The other day I tracked down an issue my team was seeing with an Azure App Service Logic App. The Logic App was being triggered by an Azure Service Bus Connector that was configured to work with a Service Bus Topic. With a message published to the Service Bus Topic, an instance of the Logic App would execute successfully — as expected on the trigger’s configured schedule. But then, unexpectedly, on the next scheduled time period, often a new instance of the Logic App would execute and reprocess the exact same message from the Service Bus Topic. It was as if the Service Bus Topic message was never successfully “completed” and thus removed from the Topic.

What You Need To Understand

In order to understand why the same Service Bus Topic message was being processed twice, this is what you need to know.

  • The Service Bus Connector operates in ReceiveMode.PeekLock, so it is not receiving and immediately deleting the message from the Topic in one atomic call like in ReceiveMode.ReceiveAndDelete. In PeekLock mode, two calls to the Service Bus must be made. The first call is to the Receive method, and the Service Bus puts a lock on the message for a specific lock duration. The default LockDuration for a Queue or Subscription is 1 minute, and currently that cannot be configured in the Service Bus Connector. Then a second call, to the Complete method, is required to mark that message as processed and delete it from the Service Bus.

  • After a call to a Connector’s trigger method returns a result indicating that data is available to be processed and that a Logic App instance should be created and executed, the Logic App trigger mechanism immediately calls the Connector’s trigger method again. This logically is being done in case there is even more data to be processed. This makes sense because if there is more data available to be processed, one typically would want that data being processed as soon as possible, and would not want to wait for the next scheduled trigger time period.

  • Connectors can have their own specified triggerState data passed from one call of their trigger method to subsequent calls of their trigger method.

  • The Service Bus Connector passes the message’s unique LockToken as triggerState from the first successful trigger invocation to its next trigger call that runs immediately after it.

  • When the Service Bus Connector trigger method is executed, one of the first things that it does is to determine if the triggerState data has been provided. If the triggerState data has been provided, the Service Bus Connector calls the Complete method of the message represented by that given triggerState/LockToken. Only after doing that will it attempt to receive the next message from the configured Topic or Queue.

The Cause

Now that we understand how the Complete method is called as part of the Service Bus Connector’s trigger mechanism, it is easy to understand the cause of the problem.

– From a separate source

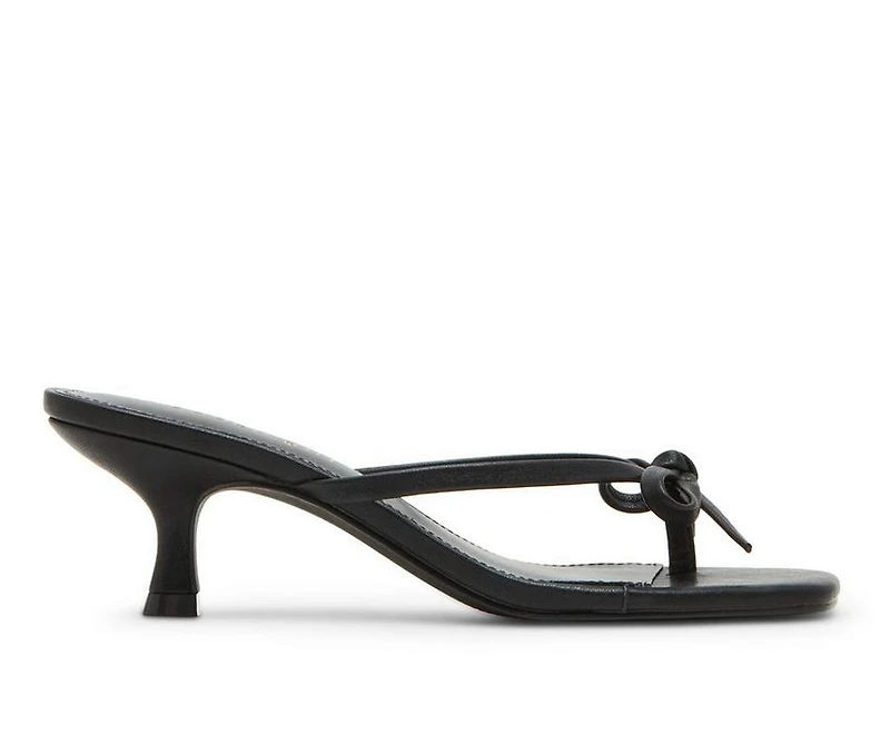 Women's Madden Girl Charlotte Dress Sandals This dress sandal delivers a delicate, feminine look with a sleek silhouette made for elevated occasions. The man-made upper features slim straps accented with a decorative bow detail that adds a soft, polished touch. A slip-on sandal design keeps the profile clean and easy to wear while maintaining a refined appearance. Set on a slim heel, this style provides a graceful lift that feels balanced and wearable. Finished with an open-toe design, it pairs effortlessly with dressy outfits for day or evening events.

If the second call to the trigger fails (the call that would complete the message), for instance, because of a transient error on the gateway, then the Service Bus message will not be completed — until perhaps the next scheduled trigger.

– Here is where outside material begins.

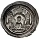 | Описание аверса | Half-length facing bust of Albrecht, holding sword and banner, within castle composed of turreted arch with two towers; small annulets around |
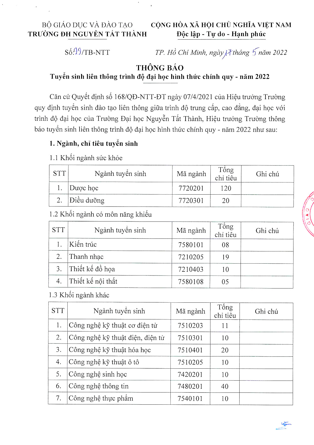 / Thông báo tuyển sinh liên thông trình độ đại học hình thức chính quy – Năm 2022

However, after the default lock duration of 1 minute expires, the lock is lost and Service Bus makes the message available to be received again.

This is exactly what happened — the message was not completed and when the next scheduled trigger executes, the same message is processed again.

Proof — The Smoking Trigger

From the Trigger History of the Logic App, we can see the trigger that failed in the image below.

Logic App Trigger History with Failed Trigger

The call to this trigger returned a 502 “Bad Gateway” error.

1502 - Web server received an invalid response while acting as a gateway or proxy server.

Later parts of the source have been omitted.